● DATA EXTRACTS:
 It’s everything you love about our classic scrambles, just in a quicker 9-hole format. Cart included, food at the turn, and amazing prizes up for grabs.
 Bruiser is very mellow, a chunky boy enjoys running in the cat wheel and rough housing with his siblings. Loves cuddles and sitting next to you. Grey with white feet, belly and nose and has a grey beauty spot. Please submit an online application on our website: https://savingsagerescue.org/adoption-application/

==

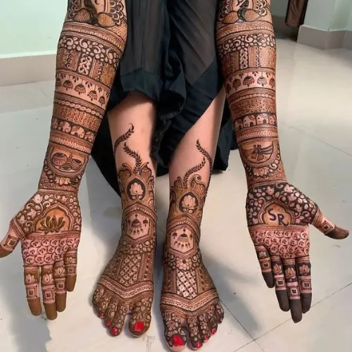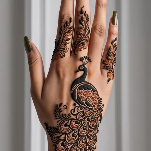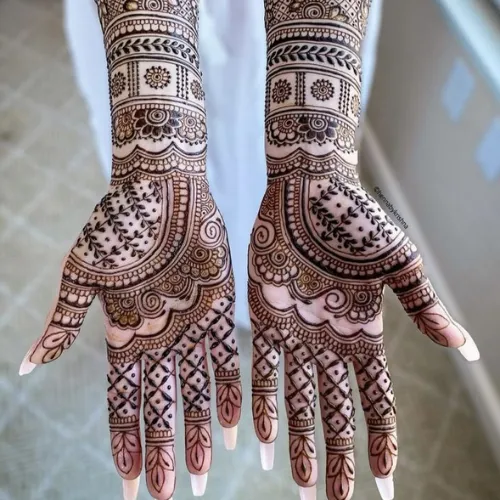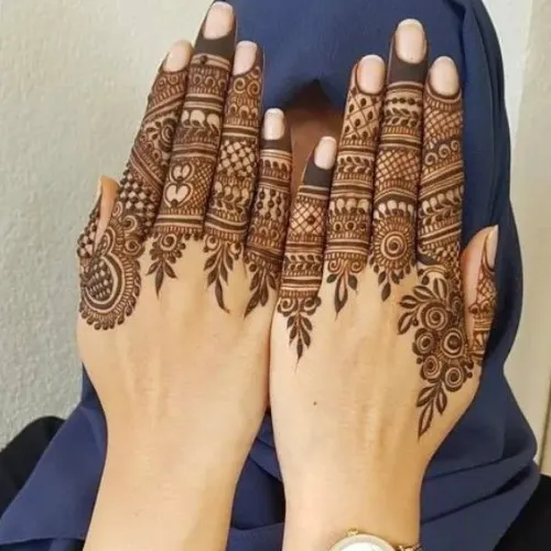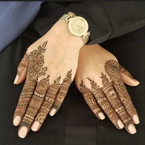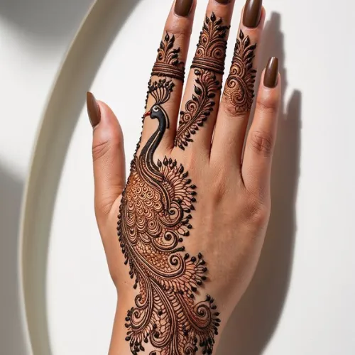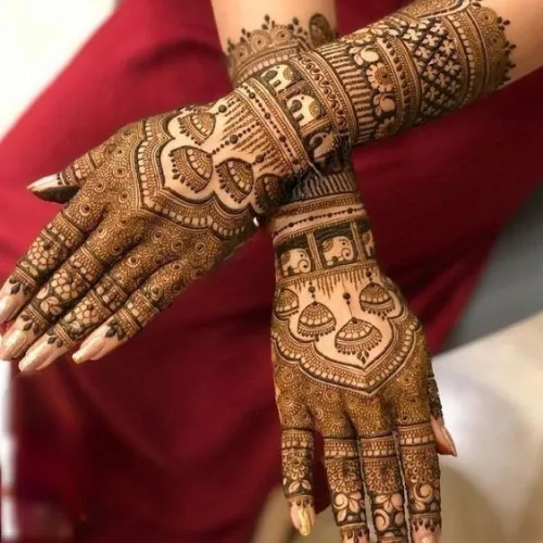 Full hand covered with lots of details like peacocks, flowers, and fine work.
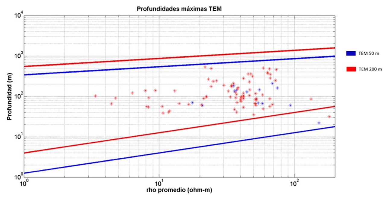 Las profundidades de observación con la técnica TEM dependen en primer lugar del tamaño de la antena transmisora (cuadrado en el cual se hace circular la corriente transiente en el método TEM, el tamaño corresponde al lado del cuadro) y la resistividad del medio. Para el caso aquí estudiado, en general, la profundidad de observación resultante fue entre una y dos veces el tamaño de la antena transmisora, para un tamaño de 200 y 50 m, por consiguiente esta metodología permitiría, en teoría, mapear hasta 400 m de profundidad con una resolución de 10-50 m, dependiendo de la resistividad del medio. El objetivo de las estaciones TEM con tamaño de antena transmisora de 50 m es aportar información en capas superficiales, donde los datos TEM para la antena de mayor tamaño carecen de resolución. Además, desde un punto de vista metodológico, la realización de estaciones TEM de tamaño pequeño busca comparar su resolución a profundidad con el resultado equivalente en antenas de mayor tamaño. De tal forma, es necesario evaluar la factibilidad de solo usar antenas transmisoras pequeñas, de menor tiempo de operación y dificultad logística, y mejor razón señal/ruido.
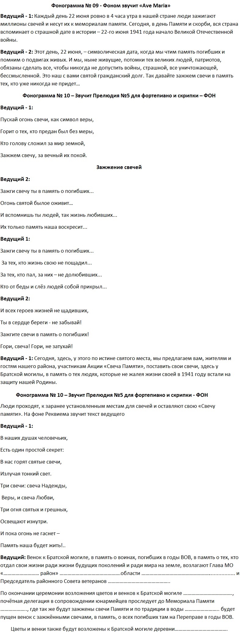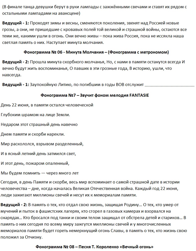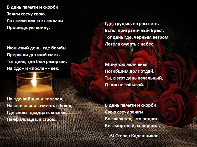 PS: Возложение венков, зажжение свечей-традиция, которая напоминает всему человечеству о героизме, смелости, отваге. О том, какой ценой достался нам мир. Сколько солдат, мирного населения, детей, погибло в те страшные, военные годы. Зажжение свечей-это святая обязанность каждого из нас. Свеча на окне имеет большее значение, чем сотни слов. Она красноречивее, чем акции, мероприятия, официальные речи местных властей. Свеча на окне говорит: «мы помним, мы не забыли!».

● EXERCISE GOAL: Precisely the lines between those holding "It’s everything you" and "Bruiser is very", inclusive, are to be reproduced from the listing above, with nothing added.

● WRITTEN ANSWER:
 It’s everything you love about our classic scrambles, just in a quicker 9-hole format. Cart included, food at the turn, and amazing prizes up for grabs.
 Bruiser is very mellow, a chunky boy enjoys running in the cat wheel and rough housing with his siblings. Loves cuddles and sitting next to you. Grey with white feet, belly and nose and has a grey beauty spot. Please submit an online application on our website: https://savingsagerescue.org/adoption-application/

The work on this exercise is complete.